Device Manager在什么时候创建

pluginOpts: map对象，key为Resource Name，value为DevicePluginOptions，目前只有一项内容，就是PreStartRequired bool，表示是否在容器启动前要调用device plugin的PreStartContiner接口。在nvidia-k8s-plugin中，PreStartContainer为空实现。

NewManagerImpl

我们再来看看Device Manager的具体创建实现NewManagerImpl。

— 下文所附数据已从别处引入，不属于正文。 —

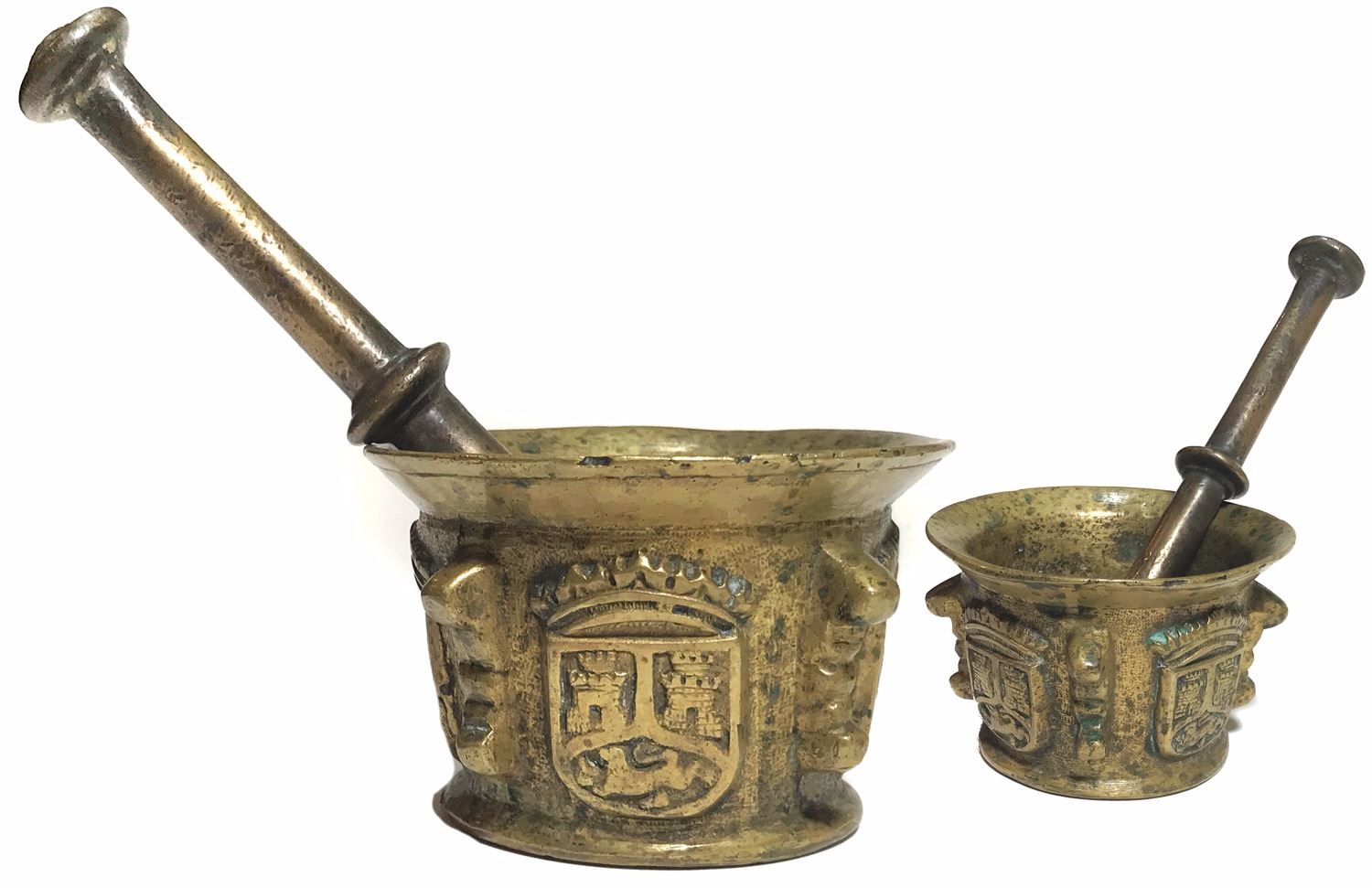 Bronze Spanish mortar and pestle with castles-and-lion decoration, 1600s. 1,560 grams, 4-1/4" diameter, 2-3/4" tall, 7-3/8" long pestle. Large, heavy mortar used by a chemist to produce medicines, with relief-cast shield featuring two castles over a rampant lion on exterior (presumably the crest of the House of Enriquez, a Spanish Royal family founded in the 14th century), all brassy in color, with numerous dents and wear from age use. With photo-certificate.

pkg/kubelet/cm/devicemanager/manager.go:97

// NewManagerImpl creates a new manager.
func NewManagerImpl() (*ManagerImpl, error) {

	// 通过/var/lib/kubelet/device-plugins/kubelet.sock与device plugin交互
	return newManagerImpl(pluginapi.KubeletSocket)
}

func newManagerImpl(socketPath string) (*ManagerImpl, error) {
	glog.V(2).Infof("Creating Device Plugin manager at %s", socketPath)

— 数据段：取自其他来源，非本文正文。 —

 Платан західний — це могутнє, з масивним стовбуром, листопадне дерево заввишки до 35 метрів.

	if socketPath == "" || !filepath.IsAbs(socketPath) {
		return nil, fmt.Errorf(errBadSocket+" %v", socketPath)
	}

	dir, file := filepath.Split(socketPath)
	manager := &ManagerImpl{
		endpoints:        make(map[string]endpoint),
		socketname:       file,
		socketdir:        dir,
		healthyDevices:   make(map[string]sets.String),
		unhealthyDevices: make(map[string]sets.String),
		allocatedDevices: make(map[string]sets.String),
		pluginOpts:       make(map[string]*pluginapi.DevicePluginOptions),
		podDevices:       make(podDevices),
	}
	manager.callback = manager.genericDeviceUpdateCallback

	// The following structs are populated with real implementations in manager.Start()
	// Before that, initializes them to perform no-op operations.
	manager.activePods = func() []*v1.Pod { return []*v1.Pod{} }
	manager.sourcesReady = &sourcesReadyStub{}
	var err error
	
	// 在/var/lib/kubelet/device-plugins/目录下创建file store类型的key-value存储文件kubelet_internal_checkpoint，用来作为kubelet的device plugin的checkpoint。
	manager.store, err = utilstore.NewFileStore(dir, utilfs.DefaultFs{})
	if err != nil {
		return nil, fmt.Errorf("failed to initialize device plugin checkpointing store: %+v", err)
	}

	return manager, nil
}

kubelet Device Manager通过/var/lib/kubelet/device-plugins/kubelet.sock与device plugin交互。
注册callback为genericDeviceUpdateCallback，用来处理对应devices的add,delete,update事件。
在/var/lib/kubelet/device-plugins/目录下创建file store类型的key-value存储文件kubelet_internal_checkpoint，用来作为kubelet的device plugin的checkpoint。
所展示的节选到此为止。